Kanunlarda öngörülen tipik unsurları bünyesinde barındıran, hukuka aykırı ve kusurlu eylemler; hukuk terminolojisinde suç olarak ifade edilmektedir. Hareket, netice, kast gibi ögeler; kanunda öngörülen tipik unsurlar kategorisine girmektedir. Hukuka aykırılık kısmında ise önemli olan hangi vakaların hukuka aykırı olduğu değil; vakaların, bünyesinde neleri bulundurduğu takdirde hukuka uygun hale geleceğidir. (Ceza alanında hukuka uygunluk hallerinden daha önceki yazılarımızda bahsetmiştik. Lütfen Bkz.) Bu yazımızda, suçu oluşturan diğer unsurları bir kenara bırakıp kusur üzerinde yoğunlaşacağız.
Kusuru, hukuka aykırı olarak gerçekleştirilen fiilden dolayı kınanma durumunu belirleyen ölçek olarak ifade edebiliriz. Bir kişinin meydana getirdiği eylemden ötürü kusurlu olarak sorumlu tutulabilmesi için kişinin o eylemi; özgür iradesiyle, bilinçli ve eyleminin sonuçlarının farkında olarak yerine getirmiş olması gerekmektedir. Ceza Hukuku alanında, bir kişi asla kusuru bulunmayan bir eylemden dolayı cezalandırılamaz. Başka bir deyişle; Ceza Hukukunda kusursuz suç olmaz ilkesi hakimdir.
Eklemek gerekir ki; kusuru azaltan ya da ortadan kaldıran bazı istisnalar mevcuttur. Yaş küçüklüğü, sağır ve dilsizlik, akıl hastalığı, alkol etkisi altında olma gibi nedenler; bu istisnalar arasında sayılabilmektedir. Örneğin; temyiz yeteneği olmayan bir kişinin adam öldürmeye teşebbüste bulunması halinde olay, her ne kadar haksız fiil oluştursa da, kusur bulunmadığı için bu kişiye ceza verilemez, yalnızca güvenlik tedbirleri uygulanır. Ayrıca kişiye kusurun isnat edilebilmesi için kişide, yalnızca temyiz kudretin olması yeterli değildir. Aynı zamanda bu kişinin; sonuçlarını idrak edebileceği eylemi, özgür iradesiyle meydana getirmesi gerekmektedir. Bu hususa da örnek vermek gerekirse; korku halinde ve baskı altında haksız fiili gerçekleştiren bir kişinin, bu eylemi özgür iradesiyle ifa ettiği söylenemez.
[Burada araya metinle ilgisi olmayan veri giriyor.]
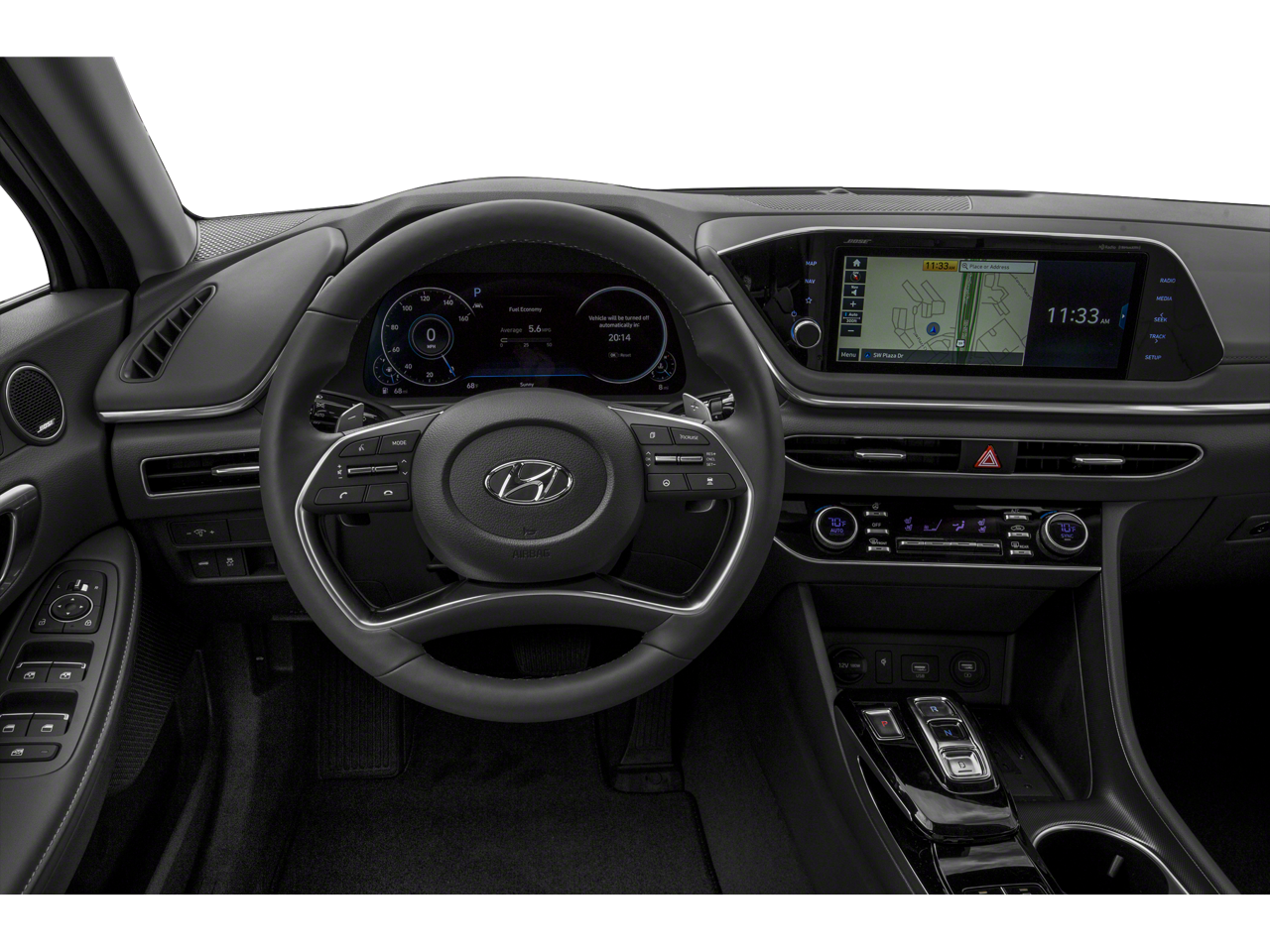 Black Leather, 12 Speakers, 4-Wheel Disc Brakes, ABS brakes, Air Conditioning, Alloy wheels, AM/FM radio: SiriusXM, Apple CarPlay & Android Auto, Auto High-beam Headlights, Auto-dimming Rear-View mirror, Automatic temperature control, Bose Premium Audio, Brake assist, Bumpers: body-color, Carpeted Floor Mats, Delay-off headlights, Driver door bin, Driver vanity mirror, Dual front impact airbags, Dual front side impact airbags, Electronic Stability Control, Emergency communication system: Blue Link Connected Car Service (3-year complimentary subscription), Four wheel independent suspension, Front anti-roll bar, Front Bucket Seats, Front Center Armrest, Front dual zone A/C, Front reading lights, Fully automatic headlights, Garage door transmitter: HomeLink, Heads-Up Display, Heated door mirrors, Heated front seats, Heated steering wheel, Heated/Ventilated Front Bucket Seats, Illuminated entry, Knee airbag, Leather Seating Surfaces, Low tire pressure warning, Memory seat, Navigation System, Occupant sensing airbag, Option Group 01, Outside temperature display, Overhead airbag, Overhead console, Panic alarm, Passenger door bin, Passenger vanity mirror, Power door mirrors, Power driver seat, Power moonroof, Power passenger seat, Power steering, Power windows, Radio data system, Radio: AM/FM/MP3/HD/SiriusXM Display Audio w/Nav, Rain sensing wipers, Rear anti-roll bar, Rear seat center armrest, Rear side impact airbag, Rear window defroster, Remote keyless entry, Reversible Cargo Tray, Security system, Speed control, Speed-sensing steering, Speed-Sensitive Wipers, Split folding rear seat, Steering wheel mounted audio controls, Tachometer, Telescoping steering wheel, Tilt steering wheel, Traction control, Trip computer, Turn signal indicator mirrors, Variably intermittent wipers, Ventilated front seats, Wheels: 18 x 7.5J Aluminum Alloy, Wireless Device Charging, Black Leather. 2021 Hyundai Sonata 8-Speed Automatic with Overdrive I4 Hampton Gray

Ancak bu sayılan hallerin tamamında; kişinin durumuna, irade ve idrak yeteneğinin seviyesine bakılarak cezalandırılmaya karar verilir. Başka bir deyişle, idrak ve irade yeteneğinde azalma olan her kişi, haksız eyleminin yaptırımlarından muaf tutulmaz; yalnızca azalma durumuna göre cezasında indirime gidilebilir.
Son olarak; uyuşturucu, alkol gibi geçici nedenlerle idrak ve irade yeteneğinin ortadan kalkması durumunda belirli seçenekler karşımıza çıkar. Bir kimse; kendi isteğiyle ve bilincini kaybedecek derecede herhangi bir madde kullandığında, bilincini kaybetmede kendi kusuru olduğu için kişi, meydana getirdiği haksız eylemin cezasından muaf tutulmaz. Ancak kişinin alkol ve madde bağımlılığı geçmişi varsa, o anda yoksunluk derecesinde krize girip bilincini kaybettiyse, şartlar değerlendirilir ve buna göre o kişiye cezai yaptırım uygulanmamakla birlikte; kanunda öngörülen güvenlik tedbirlerine hükmedilir. Ayrıca önemle belirtmek gerekir ki; zor kullanılarak alkol, uyuşturu gibi maddelerle kişinin bilincinin yitirilmesinde rol oynandıysa, bilincini bu durum sonucu yitiren kişi de, haksız eyleminin yaptırımlarına tabi değildir.